PROVIDED DATA section start

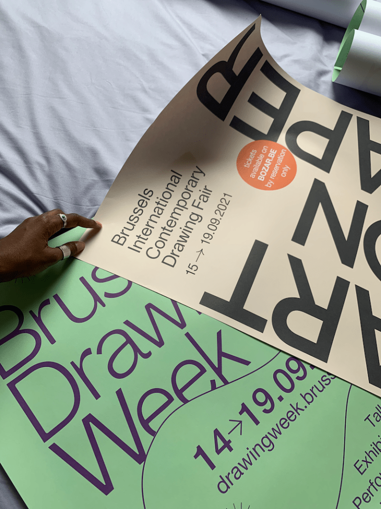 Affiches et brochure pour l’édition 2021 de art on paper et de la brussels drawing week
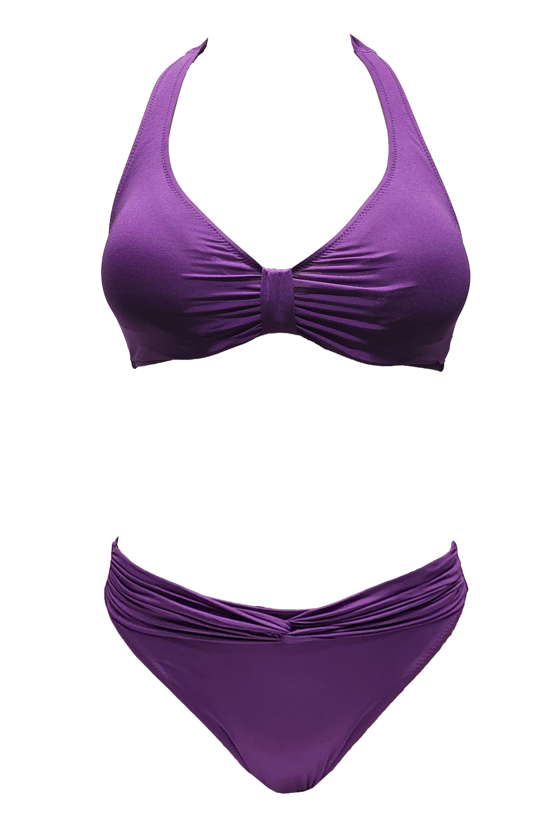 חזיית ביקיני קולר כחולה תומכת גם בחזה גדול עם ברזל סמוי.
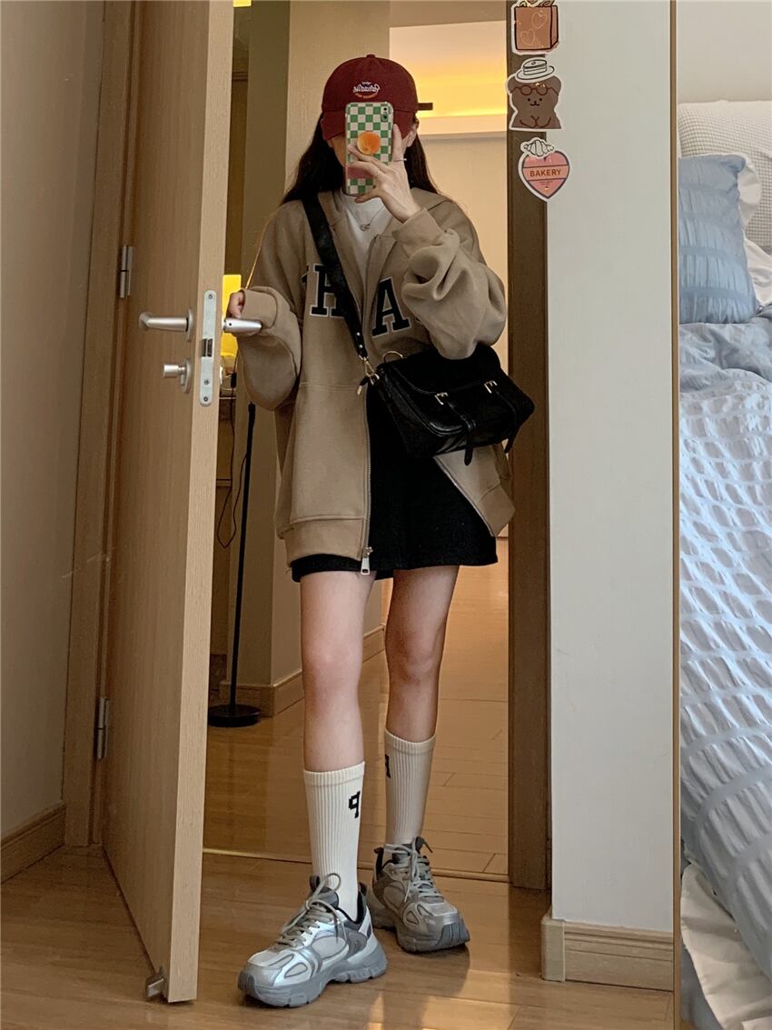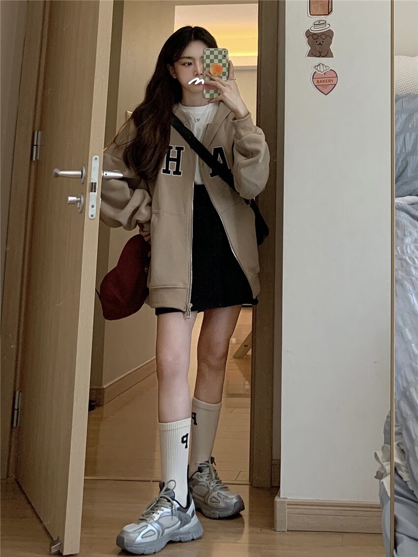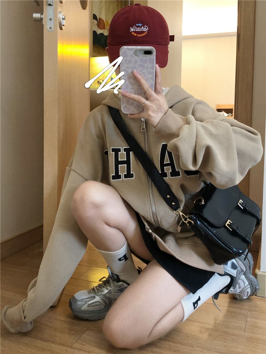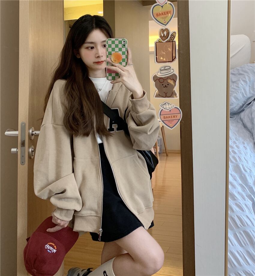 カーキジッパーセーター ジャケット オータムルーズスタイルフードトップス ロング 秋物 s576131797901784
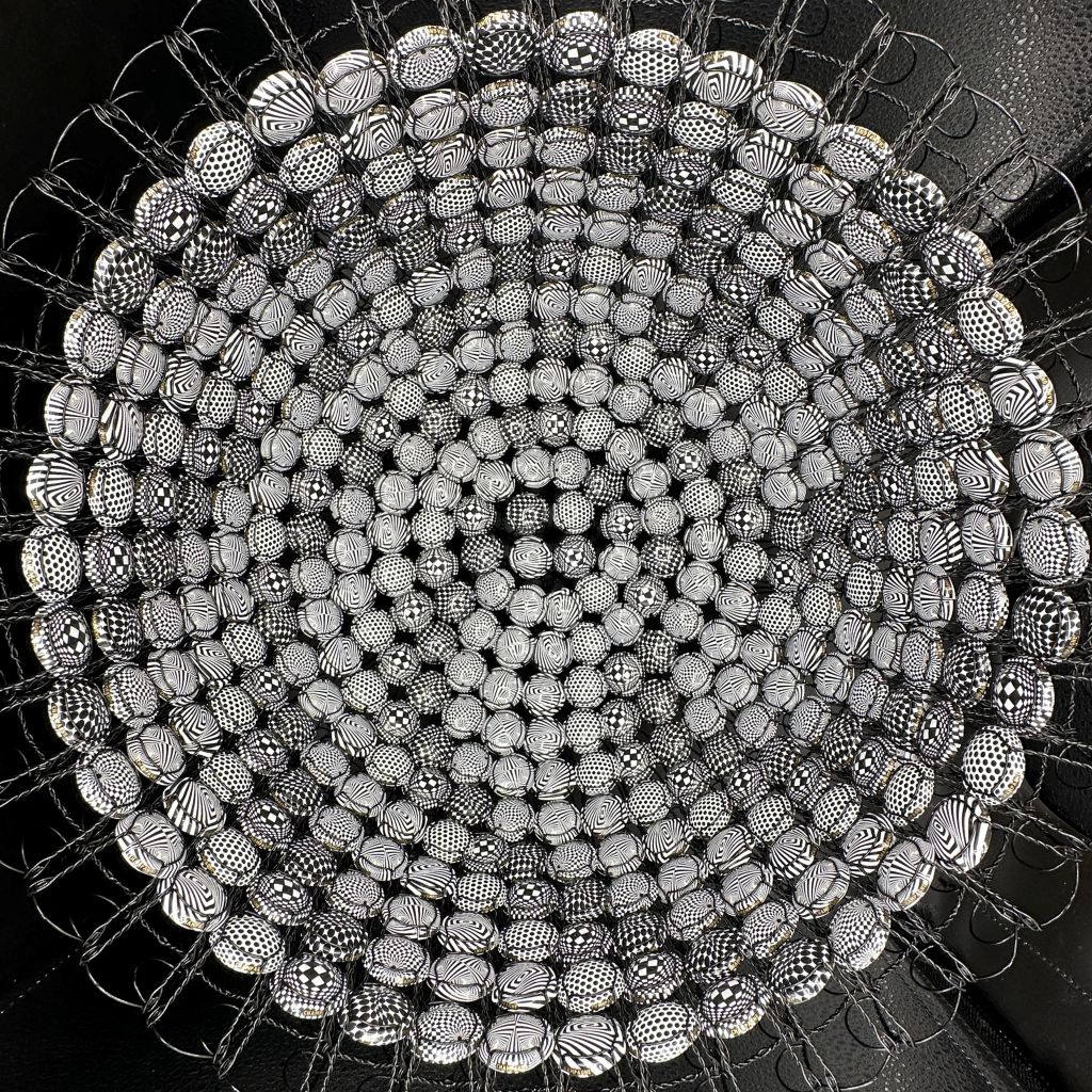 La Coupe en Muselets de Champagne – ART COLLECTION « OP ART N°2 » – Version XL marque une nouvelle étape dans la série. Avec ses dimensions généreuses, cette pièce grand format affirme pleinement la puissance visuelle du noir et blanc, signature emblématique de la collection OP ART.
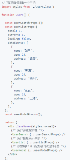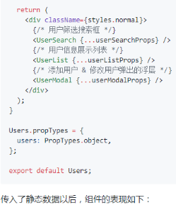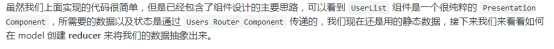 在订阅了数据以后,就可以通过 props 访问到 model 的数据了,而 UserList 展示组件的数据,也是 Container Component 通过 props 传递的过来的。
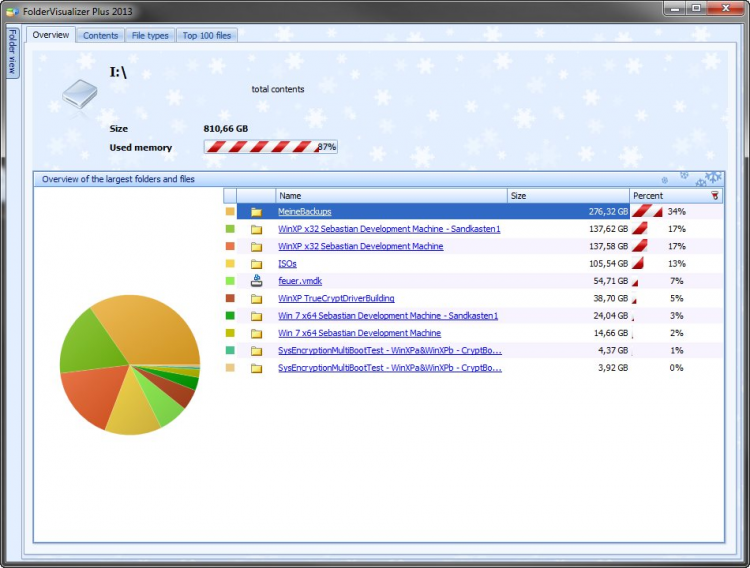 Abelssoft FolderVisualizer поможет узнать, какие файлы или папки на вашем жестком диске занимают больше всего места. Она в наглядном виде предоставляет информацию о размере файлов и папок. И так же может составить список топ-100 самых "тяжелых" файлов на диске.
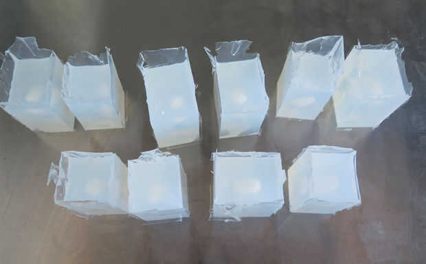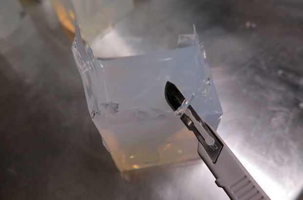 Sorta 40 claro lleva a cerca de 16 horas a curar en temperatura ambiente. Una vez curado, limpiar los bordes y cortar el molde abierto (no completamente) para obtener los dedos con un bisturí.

PROVIDED DATA section end

**WHAT IS EXPECTED**. Nothing outside the stretch above, from the line with "חזיית ביקיני קולר" through the line with "La Coupe en", is set down. Transcribe that stretch exactly, ends included, but not its pictures.

**EXERCISE ANSWER**.
 חזיית ביקיני קולר כחולה תומכת גם בחזה גדול עם ברזל סמוי.
 カーキジッパーセーター ジャケット オータムルーズスタイルフードトップス ロング 秋物 s576131797901784
 La Coupe en Muselets de Champagne – ART COLLECTION « OP ART N°2 » – Version XL marque une nouvelle étape dans la série. Avec ses dimensions généreuses, cette pièce grand format affirme pleinement la puissance visuelle du noir et blanc, signature emblématique de la collection OP ART.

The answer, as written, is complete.